# Surviving continuous snowfall



## Rook (Nov 29, 2019)

So Vancouver just got dumped for the past 4 days...

How do you guys deal with working days in a row to pace yourself?


----------



## dieselss (Jan 3, 2008)

16 to 20 on.....4-6 off


----------



## Mr.Markus (Jan 7, 2010)

How many cm did you guys get...?


----------



## Rook (Nov 29, 2019)

Like 70cm


----------



## MIDTOWNPC (Feb 17, 2007)

I always find the best time to get a little sleep is 7pm to midnight. Most places are closing up soon. Places that have a night shift usually you can scrape and get them in. 
I find 3-4am is when the snow always comes hard.


----------



## Mark Oomkes (Dec 10, 2000)

That's a decent amount for most of us in that short a time period. 

We don't work more than 18 hours. Try to get through everything at least twice in that time frame then get some rest and start over.


----------



## Philbilly2 (Aug 25, 2007)

On storms like that, we always plowed in teams.
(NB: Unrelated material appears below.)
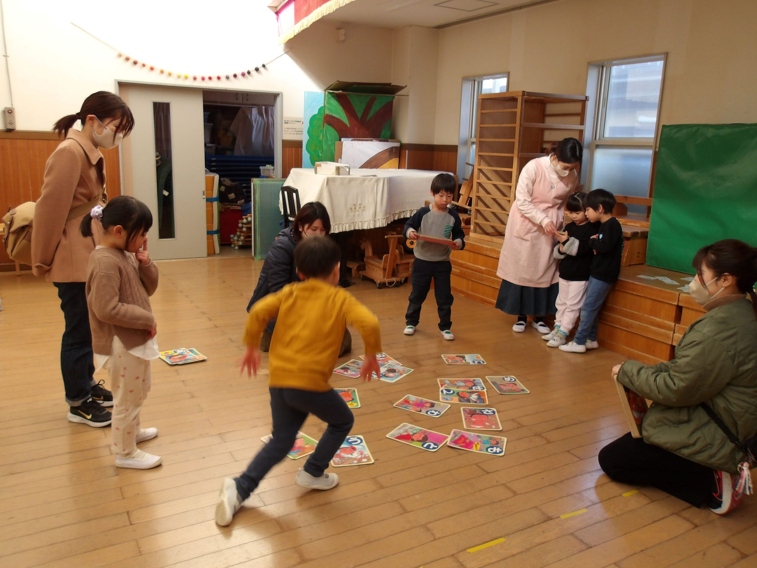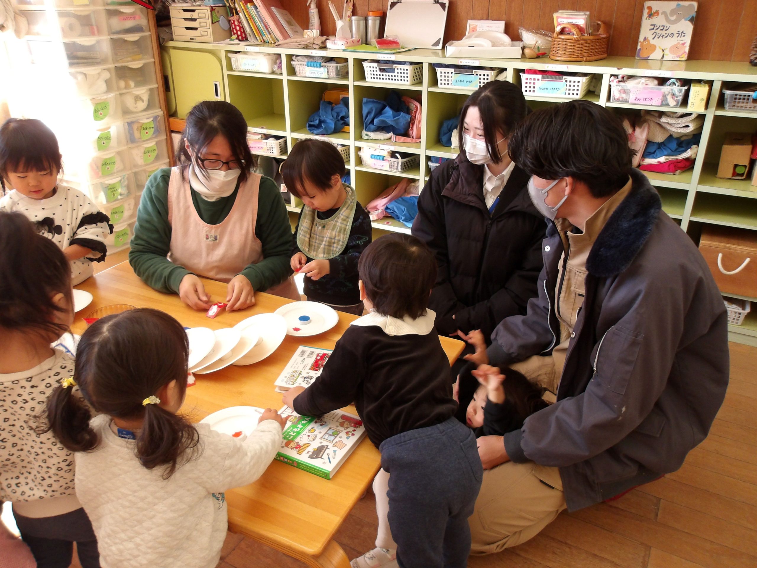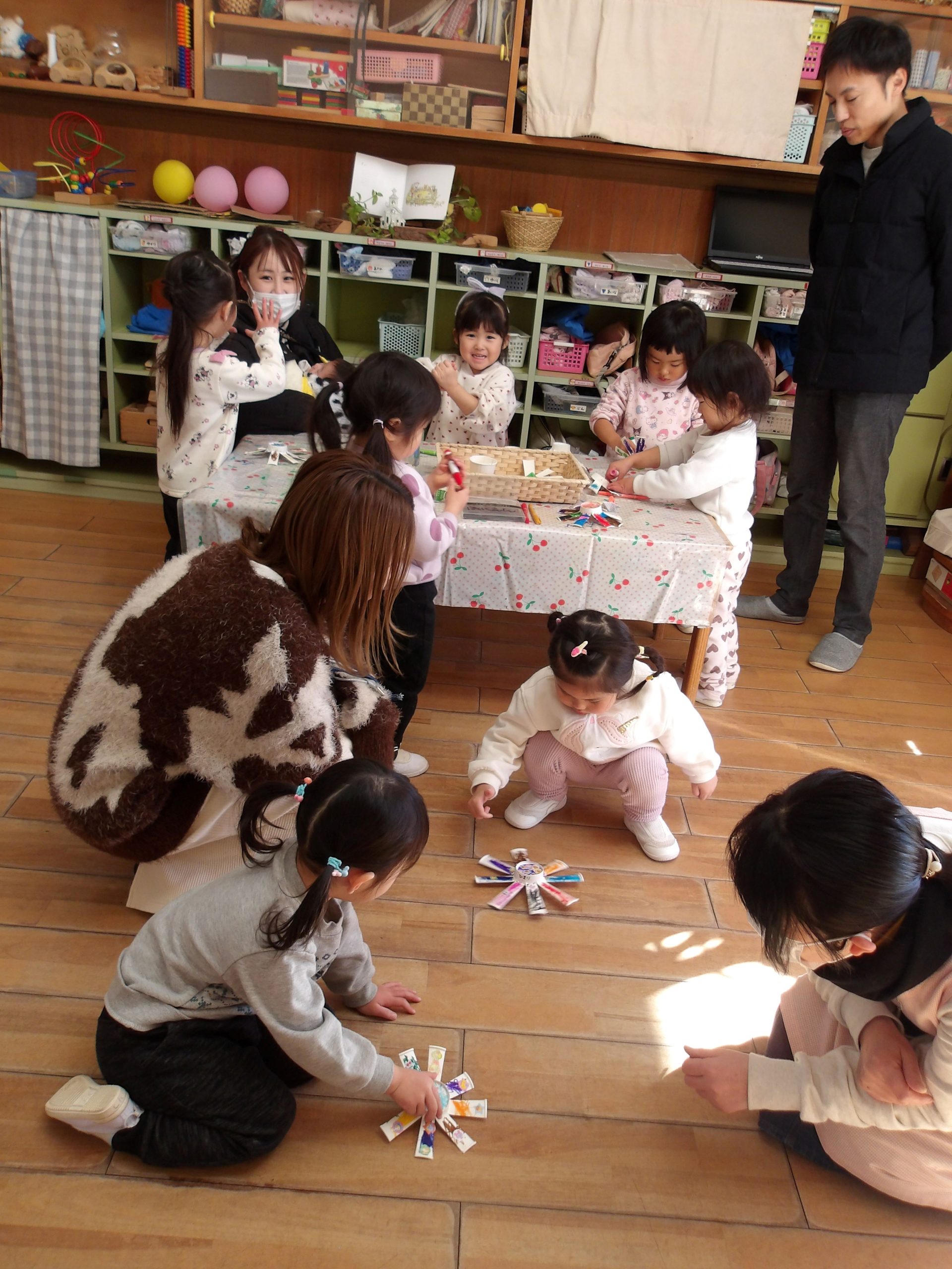 今年度2回目の保育参観でした。子どもたち同士で遊ぶ姿、自分でやってみようとする姿など保護者の方に見ていただくことができました。子どもたちもお家の人が一緒で張り切っていました。

Have a couple trucks in a lot, keep some idle banter talk on the radios to keep you from going into a trance.

As long as you were working in teams, you could have a truck pull off in a corner and grab a quick nap every now and then.

When doing rally routes for the city’s... there was no time to nap. They call you in, you plow till your route was done or someone else was getting your hours.

I was always a firm believer in a quick nap rather than a multiple hour break... snow comes and goes. You can sleep next week. Got to get it while it is here.


----------



## sota (Jan 31, 2011)

It's part of the reason I would resist strongly if the guy I work for wanted to tack on many more locations, especially if they're outside the current loop radius. I don't want to be out for any longer than 8 hours in a shot; it's not good for me and it's not good for the shovel guy I have.
Thankfully we don't live in an area where we historically get dumped on continuously for days.
If we did for some bizarre reason wind up with a projected storm with an exceedingly long duration, I'd probably go to a modified plowing/shoveling setup; basically 1 or 2 quick passes to just to keep things open and move on, then worry about doing a full cleanup later.


----------



## jonniesmooth (Dec 5, 2008)

sota said:


> It's part of the reason I would resist strongly if the guy I work for wanted to tack on many more locations, especially if they're outside the current loop radius. I don't want to be out for any longer than 8 hours in a shot; it's not good for me and it's not good for the shovel guy I have.
> Thankfully we don't live in an area where we historically get dumped on continuously for days.
> If we did for some bizarre reason wind up with a projected storm with an exceedingly long duration, I'd probably go to a modified plowing/shoveling setup; basically 1 or 2 quick passes to just to keep things open and move on, then worry about doing a full cleanup later.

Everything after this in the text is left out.